On January 30, 2023, the Biden Administration announced its intent to extend the automatic expiration of both the national emergency and public health emergency declarations related to the Covid-19 pandemic that have been in effect since 2020. The national emergency is set to expire on March 1, 2023, and the public health emergency is set to expire on April 11, 2023. The Biden Administration is planning to wind down both declarations by extending the expiration dates to May 11, 2023. The wind down does not impose or change any existing rules or regulations regarding Covid-19 testing, masking, or vaccine mandates. In connection with this announcement, the Centers for Medicare & Medicaid Services (CMS) provided an updated factsheet for Medicare and Medicaid providers regarding how the end of the declarations will impact existing Covid-19 waivers and flexibilities that have been in existence since 2020.

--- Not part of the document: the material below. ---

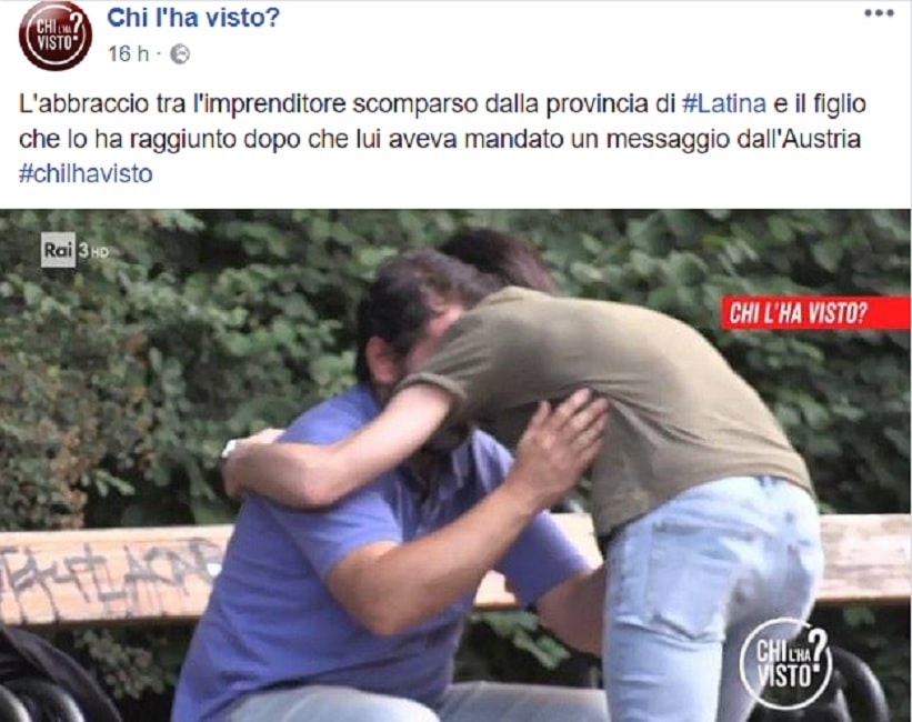 Vito Caroli, imprenditore ritrovato da Chi l’ha visto? riabbraccia il figlio Cronaca Italia Vito Caroli, imprenditore ritrovato da Chi l’ha visto? riabbraccia il figlio admin Giugno 7, 2018 ROMA – L’imprenditore Vito Caroli è stato ritrovato a 40 giorni dalla sua scomparsa e la troupe...Read More
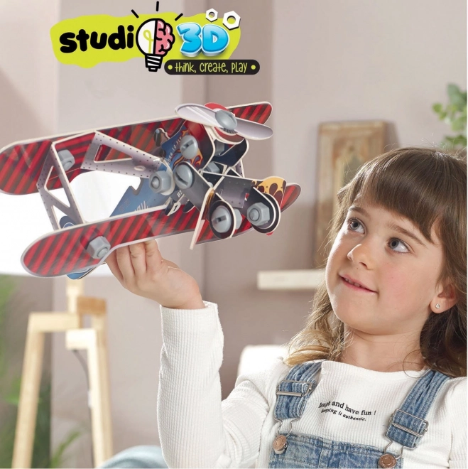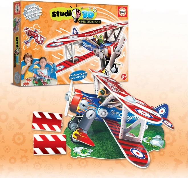 Educa model 3D biplan este un set de construcție distractiv și educativ, care îi familiarizează pe copii cu munca proiectanților și mecanicilor. Toate piesele sunt realizate din carton rezistent; componentele se desprind cu ușurință și se conectează ulterior cu șuruburi și piulițe din plastic. Montajul este simplu, sigur și se realizează fără foarfecă și lipici.

On January 17, 2023, the Centers for Medicare & Medicaid Services (CMS) announced the expansion of three existing accountable care initiatives: the Medicare Shared Savings Program (MSSP), the Accountable Care Organization Realizing Equity, Access, and Community Health (ACO Reach) Model, and the Kidney Care Choices (KCC) Model.

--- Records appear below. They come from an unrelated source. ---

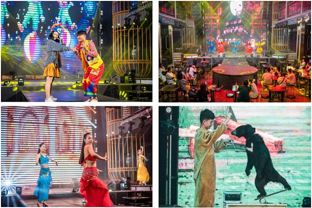 当然,提醒大家唷。这个演绎吧不止这样嗨力十足、五光十色的一面,剧场的白天演出是跟夜晚演绎吧不一样的风格。演出方面十分诙谐有趣,演出比较多元化。开始便是美女们的热场舞蹈秀,配合舞动的灯光和激昂的音乐,不禁让观众欢呼起来!热场过后又换了一种风格,出来的居然是“熊二”!不错,确实是真的熊!萌萌的小熊还会表演吊环,那笨笨的身姿太逗了,引来不少观众的笑声。不过熊二虽然体型不小,但每一项表演都完美完成,太厉害了!接下来还有精彩的魔术表演和美妙的歌声演出,这么多精彩的表演怎么能错过呢?来梦幻奥陶纪记得来“风情演绎剧场”捧场哦!让玩累了的你们到此一边观赏表演一边稍作休息,一个不错的选择。
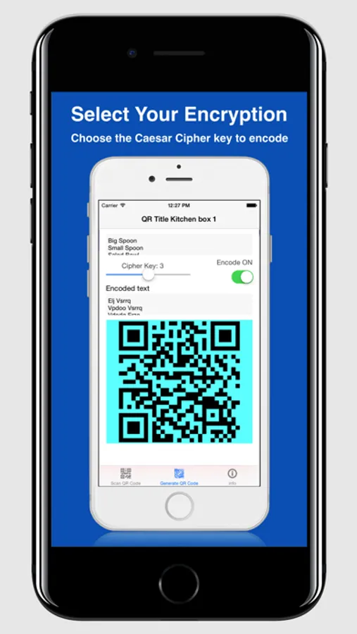 It includes basic Ceasar cipher* encryption (also known as shift cipher) to help prevent the “casual” user from reading the text in a QR code label.
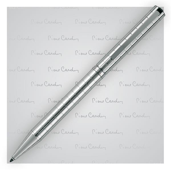 Nowoczesny długopis metalowy z oryginalnym, grawerowanym korpusem i mechanizmem obrotowym. Wyposażony w wysokiej jakości niebieski wkład z końcówką 1 mm. W zestawie z wkładem zapasowym piszącym na czarno. Zapakowany w eleganckie pudełko prezentowe z certyfikatem autentyczności Pierre Cardin.
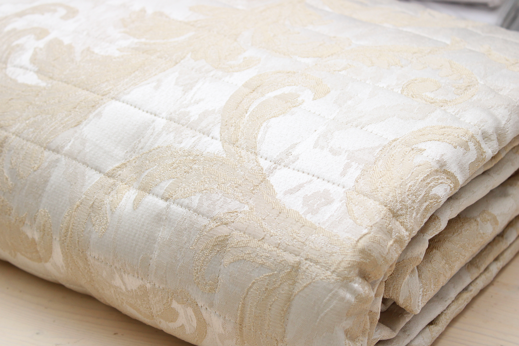 Trapuntino jacquard DAMA effetto raso con fantasia damascata, elegante e di qualità, perfetto per dare stile e raffinatezza alla tua camera. Trapuntatura a quadri, 260x260.
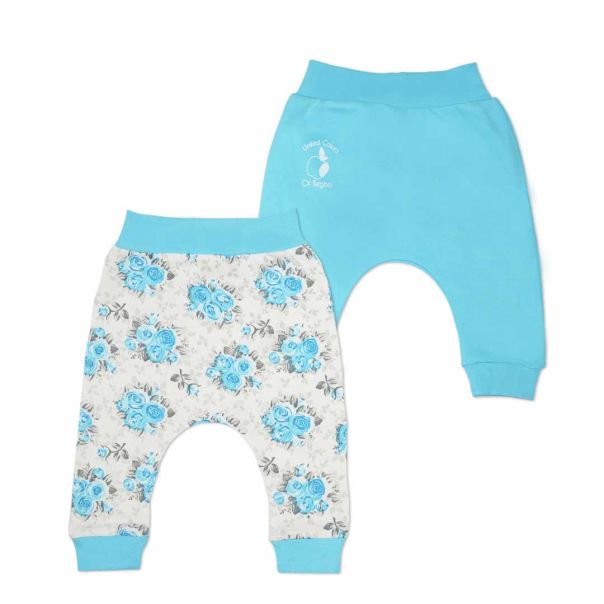 Set od dva donja dela bez stopica sa elastičnim pojasom. Jedan sa cvetnim dezenom celom površinom i drugi jednobojan.

Accountable Care Organizations are groups of doctors, hospitals, and other healthcare providers, who collaborate to provide coordinated care to their Medicare beneficiaries. A brief description of each model is as follows:
• The Shared Savings Program is a permanent program in Medicare that was established by the Affordable Care Act. It is the largest accountable care initiative in the country. Policies finalized in the CY 2023 Medicare Physician Fee Schedule are expected to increase participation in the program, especially in rural and underserved areas.
• The ACO Reach Model aims to improve the quality of care through improved coordination and increased access to accountable care in underserved communities to close racial and ethnic disparities among people with traditional Medicare in accountable care relationships.

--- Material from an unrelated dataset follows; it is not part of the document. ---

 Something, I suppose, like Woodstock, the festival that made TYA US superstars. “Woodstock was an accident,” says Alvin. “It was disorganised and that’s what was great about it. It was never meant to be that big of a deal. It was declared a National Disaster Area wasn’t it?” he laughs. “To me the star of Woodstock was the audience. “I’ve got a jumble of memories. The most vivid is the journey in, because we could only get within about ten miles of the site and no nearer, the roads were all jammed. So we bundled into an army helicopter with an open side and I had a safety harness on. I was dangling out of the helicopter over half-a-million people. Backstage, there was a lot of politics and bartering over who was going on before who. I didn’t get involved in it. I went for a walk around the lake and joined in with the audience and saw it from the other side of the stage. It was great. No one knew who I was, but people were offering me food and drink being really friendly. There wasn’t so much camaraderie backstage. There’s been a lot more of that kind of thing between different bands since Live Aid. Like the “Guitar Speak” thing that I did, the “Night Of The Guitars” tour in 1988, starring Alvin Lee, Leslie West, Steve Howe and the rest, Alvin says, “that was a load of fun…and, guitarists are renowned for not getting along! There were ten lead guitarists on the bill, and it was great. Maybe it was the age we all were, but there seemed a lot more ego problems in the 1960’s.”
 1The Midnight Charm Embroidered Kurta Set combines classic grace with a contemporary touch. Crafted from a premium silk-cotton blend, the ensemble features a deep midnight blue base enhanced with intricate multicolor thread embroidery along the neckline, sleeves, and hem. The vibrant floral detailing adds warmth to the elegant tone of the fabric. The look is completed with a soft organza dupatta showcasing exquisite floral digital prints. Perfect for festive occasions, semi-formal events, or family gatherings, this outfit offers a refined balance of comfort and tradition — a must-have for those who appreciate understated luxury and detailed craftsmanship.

• The KCC Model focuses on coordinating care for Medicare beneficiaries with chronic kidney disease stages 4 and 5 and end-stage renal disease. The KCC Model also focuses on delaying the onset of dialysis and increasing access to kidney transplantation.
CMS is seeking to have all people with traditional Medicare in an accountable care relationship by 2030.
On January 30, 2023, the Centers for Medicare & Medicaid Services (CMS) released a final rule detailing how it will remedy overpayments to insurance companies administering Medicare Advantage Plans (MA Plans). The rule comes in response to audits of MA Plans from 2011 through 2013 that revealed inflation in the Risk Adjustment Data Validation (RADV) (CMS’s audit and oversight tool of MA Plans). CMS determined that the RADV was inflated because the medical diagnoses submitted for payment were not supported in the applicable medical record, resulting in significant overpayments to these MA Plans.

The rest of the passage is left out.